I will use an Audison Voce AV due and compare to Rockford Fosgate's Prime R1200 class D then saying the Rockford amp was rubbish.


----------



## AAAAAAA (Oct 5, 2007)

One reason to stay AB I suppose is that class D amps destroy radio reception.


----------



## Bayboy (Dec 29, 2010)

Man.... just buy what you want & can afford. As long as you use it within it's limits and are satisfied, then who is anyone else to say. I still run a Cadence F100-5 I bought for $150 shipped and it sounds powerful enough, can drive most mids to their potential, drives 2 Peerless XXLS without overheating & shutting down, and has cleanly done so for the past couple of years. I do plan to switch it out for two class D JBL, but only for crossover & aesthetic reasons. Other than that... I don't feel the need to chase behind sonic signatures. That's what DSP and specific drivers are for IMO.


----------



## JSM-FA5 (Nov 18, 2012)

Oh I'll run class D. No doubt. Just cause I can't afford most A/B. I was just wondering for my knowledge why people run Class A/B if they aren't as efficient as class D.


----------



## Bayboy (Dec 29, 2010)

My only logic to that question is either cost, sonic signature, and possibly features that a comparable class D doesn't have. Everyone will have their own justifications for their choices, but that doesn't make it a hard fast rule for the rest. It is too subjective at that point.


----------



## WestCo (Aug 19, 2012)

JSM-FA5 said:


> Before I get flamed this is not a which is better post. I have done some research. From what I have read/seen I have come to this.
> 
> Class D is the most efficient class of amps. Also tends to run cooler for longer so most of the time additional fans are not necessary. With that being said why do people choose to run anything other than class D? I have also read multiple times there is no audible difference if both class amps are of good quality.
> 
> Is it just for bragging rights and the appearance its self? Or have I missed or misunderstood what I have read?


For many applications, good amps will sound close enough to eachother to go with the cheaper option (or more energy efficient option). 

It takes considerable time and effort to acquire really unique amps that will stand out from the crowd sonically and noticeably. Often times this requires that the amp is modified.


----------



## gijoe (Mar 25, 2008)

JSM-FA5 said:


> Oh I'll run class D. No doubt. Just cause I can't afford most A/B. I was just wondering for my knowledge why people run Class A/B if they aren't as efficient as class D.


I think one of the big reasons is that up until the last few years, fullrange class D hadn't really been perfected. Class D used to be great for low frequencies, but could not cleanly play high frequencies. That has changed and class D has gotten very good, but there are a TON of A/B amps around, so it can be pretty cheap to pick up a good A/B amp. 

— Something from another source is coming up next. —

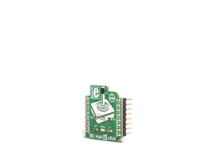 3D Hall 2 Click is a very accurate magnetic field sensing Click board™, used to sense the magnetic field strength in three perpendicular axes. It relies on a TLV493D-A1B6, a low power 3D magnetic sensor from Infineon. This sensor has a separate Hall sensor for each axis, which allows a very reliable magnetic field sensing in 3D space, offering basis for accurate angle calculations. The TLV493D-A1B6 sensor uses industry standard I2C communication interface and requires a very low count of external components. The I2C interface is also used for the chip reset, so the sensor features a very low count of pins.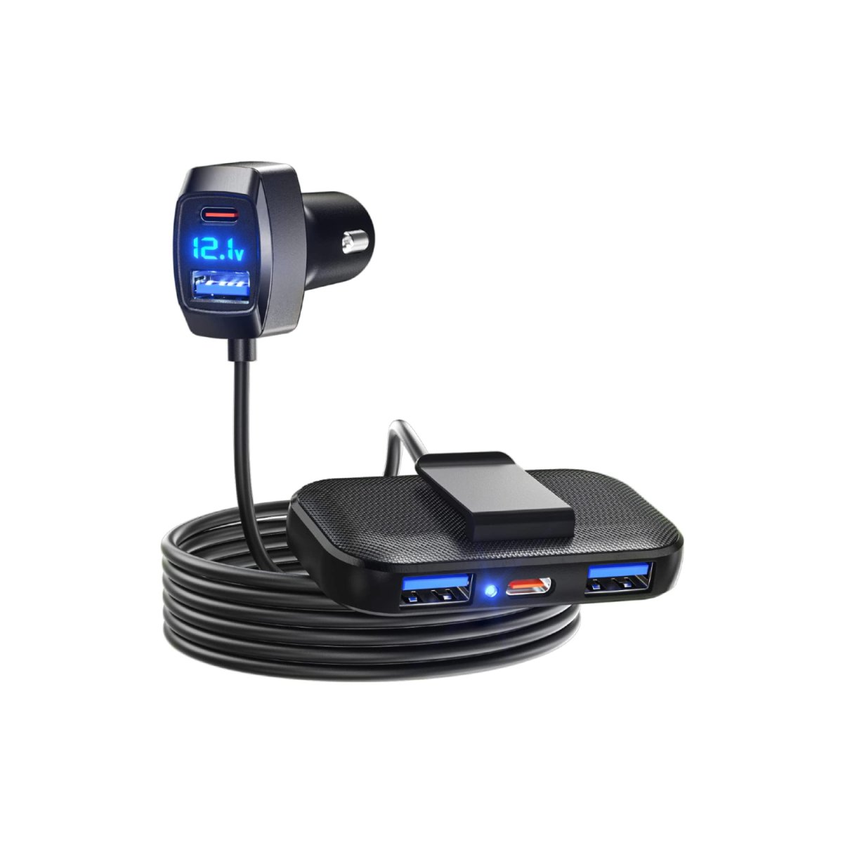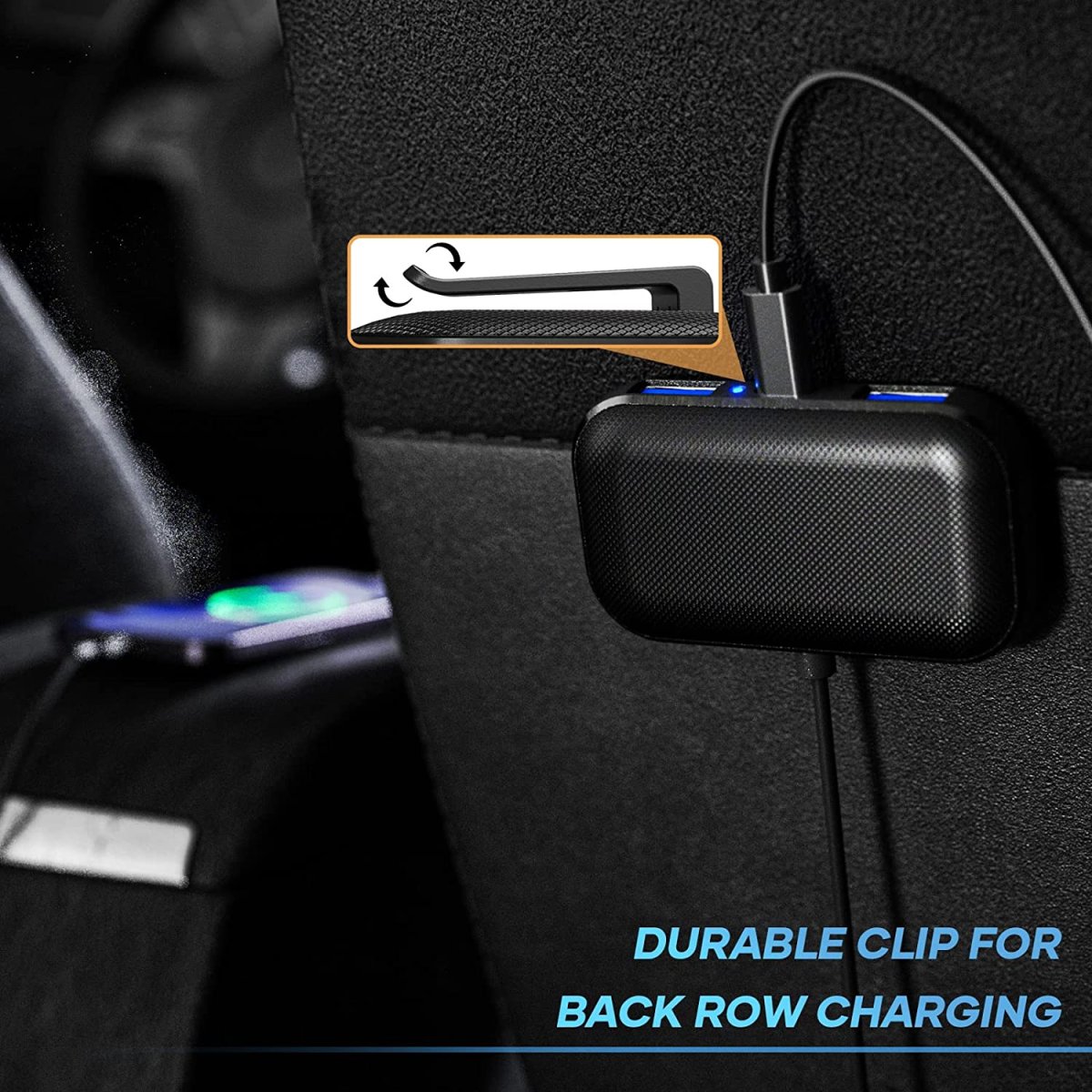 Notre Chargeur pour voiture dispose au total de 5 ports USB (3 USB-A et 2 USB-C), son support externe est équipé d’une pince clipsable à l’arrière afin de faciliter la charge aux passagers du trajet ❤️.

There are obviously other differences between the two, but there are plenty of people who still don't think that class D is sufficient for fullrange, while many others are perfectly happy with class D and get a much smaller, more efficient amp.


----------



## captainobvious (Mar 11, 2006)

JSM-FA5 said:


> Before I get flamed this is not a which is better post. I have done some research. From what I have read/seen I have come to this.
> 
> Class D is the most efficient class of amps. *Also tends to run cooler for longer so most of the time additional fans are not necessary.* With that being said why do people choose to run anything other than class D? I have also read multiple times there is no audible difference if both class amps are of good quality.
> 
> Is it just for bragging rights and the appearance its self? Or have I missed or misunderstood what I have read?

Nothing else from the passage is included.